2. Has trauma to the nervous system within 3 months preceding the onset of tremor.

3. Has had prior magnetic resonance-guided focused ultrasound or surgical intervention
for ET such as deep brain stimulation or thalamotomy.

4. Has had botulinum toxin injection for ET in the 6 months prior to Screening.

5. Is using the Cala trio health device for ET in the last 14 days prior to Baseline and
throughout the study.

6. Is unwilling or unable to refrain from episodic use of medication(s)/substance(s) that
might interfere with the evaluation of tremor during the trial.
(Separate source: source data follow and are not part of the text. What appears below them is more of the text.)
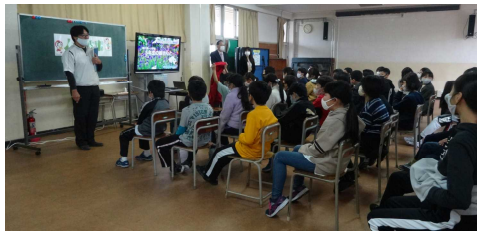
鏡先生による講師紹介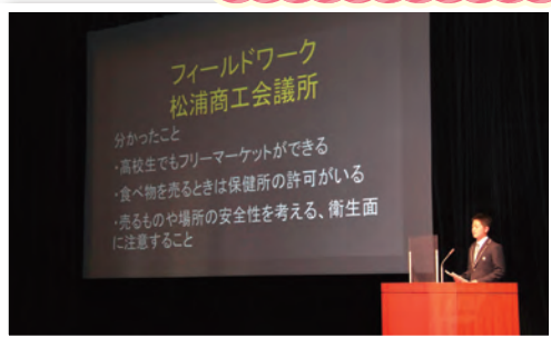
ゆめホールでの課題研究発表会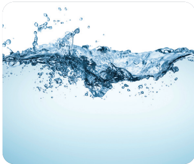
식수 및 수영장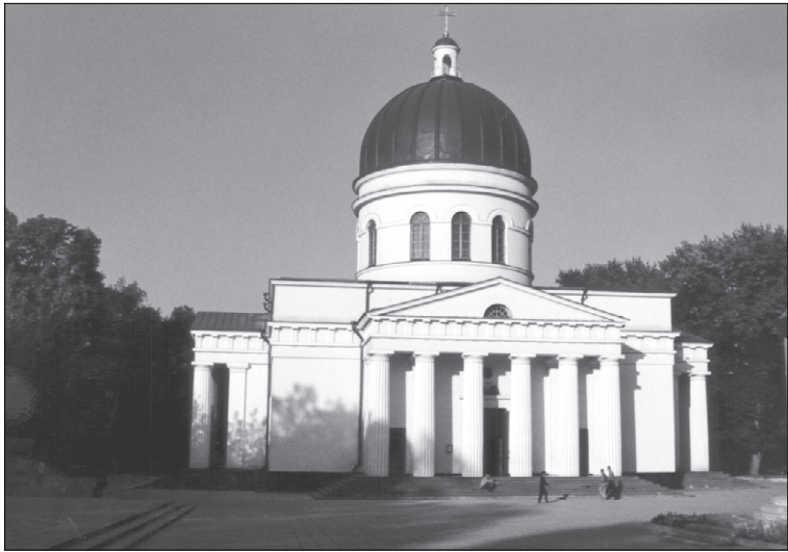
Eén van de historische bezienswaardigheden in Chisinau is de fraai gerestaureerde kathedraal

NB: dit arrangement is ook mogelijk op 17 en 24 oktober. Het wijnfestival wordt dan vervangen door een uitgebreidere dagtocht op zaterdag.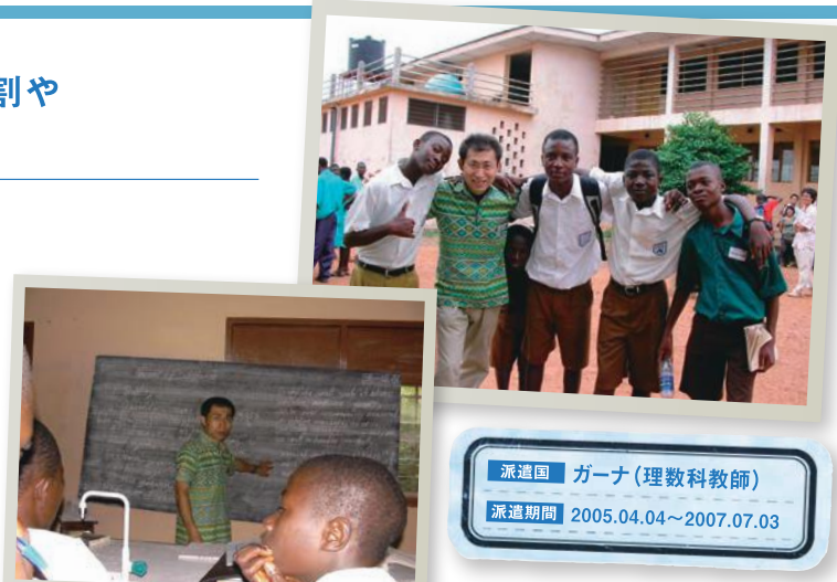
派遣国 ガーナ(理数科教師) 派遣期間 2005.04.04~2007.07.03

「いつかはアフリカに行って…」そんな思いとは裏腹に、通じない言葉、口に合わない食べ物、汚い住居など日本比でたら撒いとところはいろいろあった。「何のためにガーナに来たのか?」そんな自問自答を繰り返し、また必死で活動する。自分にできることは何でもやる。その強い思いを持って毎日過ごしていた。こんな協力隊の経験を通して、忍耐力や交渉力などの単なるスキルの向上のみならず、常に原点に立ち返って自分の役割や生きる意味を再認識することが大切だとわかった。人にはそれぞれ与えられた使命がある。そんな自分の使命を再認識することができた2年間であった。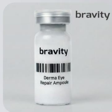
BRAVITY DERMA EYE REPAIR AMPOULE 10 ml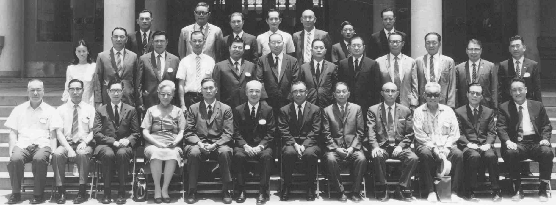
中華民國十六年六月廿二日 于台中師範會館 臺灣省國民體育委員會全體顧問 合影紀念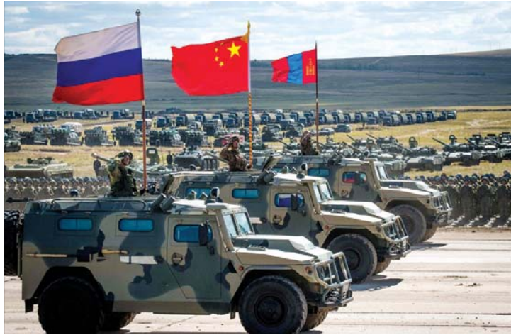
تدريبات عسكرية روسية صينية مشتركة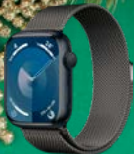
APPLE WATCH 9 GPS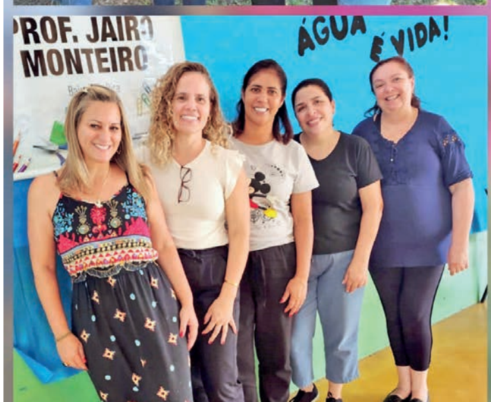
Escola Municipal Professor Jairo Monteiro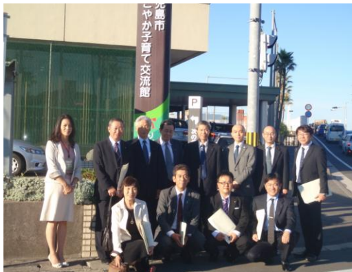
すこやか子育て交流館

火に伴う降灰により子供の外遊びに対する懸念があり、こういった屋内遊戯施設に対する一定の需要があるため、元来市職員の保養施設であったものを、平成22年度から子育て支援施設として改装し現在に至ります。鹿児島市では初の子育て支援施設であり、長岡市における「ぐんぐん」「てくてく」「ちびっこひろば」に類似する施設です。調理場、楽器コーナーなど、長岡市にはない施設が併設されていますが、使用状況の主たるものは遊戯広場でした。利用状況は年間約15万人と想定を上回る状況です。利用者数に比べ託児業務の利用者数は年間約2000人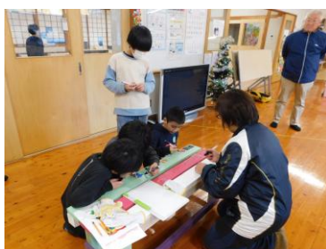
【新田のにぎわいを取り戻す会&星のさと ベンチづくり】

Stable use of
medication(s)/substance(s) that might impact tremor, including caffeine and
beta-agonist bronchodilators, is allowed so long as the tremor is judged by the
Investigator to be primarily due to the participant's ET diagnosis.
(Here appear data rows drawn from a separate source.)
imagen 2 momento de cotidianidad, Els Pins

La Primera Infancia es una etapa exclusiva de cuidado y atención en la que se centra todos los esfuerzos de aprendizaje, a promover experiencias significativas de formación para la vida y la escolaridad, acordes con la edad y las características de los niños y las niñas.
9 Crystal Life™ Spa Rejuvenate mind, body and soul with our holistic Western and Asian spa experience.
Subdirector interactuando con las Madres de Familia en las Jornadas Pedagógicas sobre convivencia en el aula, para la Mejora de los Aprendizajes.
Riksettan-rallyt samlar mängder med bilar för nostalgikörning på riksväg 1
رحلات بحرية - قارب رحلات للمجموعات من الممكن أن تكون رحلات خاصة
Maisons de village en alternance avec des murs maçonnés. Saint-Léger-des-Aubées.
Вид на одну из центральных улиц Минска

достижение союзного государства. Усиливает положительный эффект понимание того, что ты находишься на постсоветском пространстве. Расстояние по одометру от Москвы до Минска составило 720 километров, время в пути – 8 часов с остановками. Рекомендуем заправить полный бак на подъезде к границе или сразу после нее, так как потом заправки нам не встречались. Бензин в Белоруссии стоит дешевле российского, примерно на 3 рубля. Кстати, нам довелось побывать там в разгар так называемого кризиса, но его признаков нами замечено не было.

7. Is unwilling or unable to refrain from use of any sleep aids (eg, eszopiclone,
zaleplon and zolpidem) or anxiolytics that are known to be mediated by GABAergic
mechanisms (eg, benzodiazepines) within 24 hours prior to any clinic visit.
(Exception: Stable use (at least 28 days prior to Screening) of up to 2 ET non-tremor
active, non-GABAergic antidepressants and anxiolytics is allowed during the clinical
trial after discussion with the medical monitor and/or sponsor designee.) (Note for
Part B only: Participants should avoid using sleep aids and anxiolytics that are known
to be mediated by GABAergic mechanisms in Part B.)

8. Is unwilling or unable to refrain from alcohol 24 hours before and during clinical
trial visits, or regular consumption of more than 2 standard alcohol-containing
beverages per day for males or more than 1 standard alcohol-containing beverages per
day for females and are unwilling to reduce consumption to the appropriate level
during the Screening period and maintain this level throughout the Intervention and
Follow-up Periods.

9. Has a history of substance use disorder consistent with Diagnostic and Statistical
Manual of Mental Disorders (DSM)-5 criteria in the opinion of the Investigator.

10. Has a lifetime history of seizures, including febrile seizures.

11. Is required to take any excluded medication listed in the protocol during the clinical
trial. Chronic medication must be stable for at least 4 weeks prior to Screening. Any
new non-urgent medications started during the trial and permitted in protocol should
be discussed with the Sponsor before initiation, as practicable.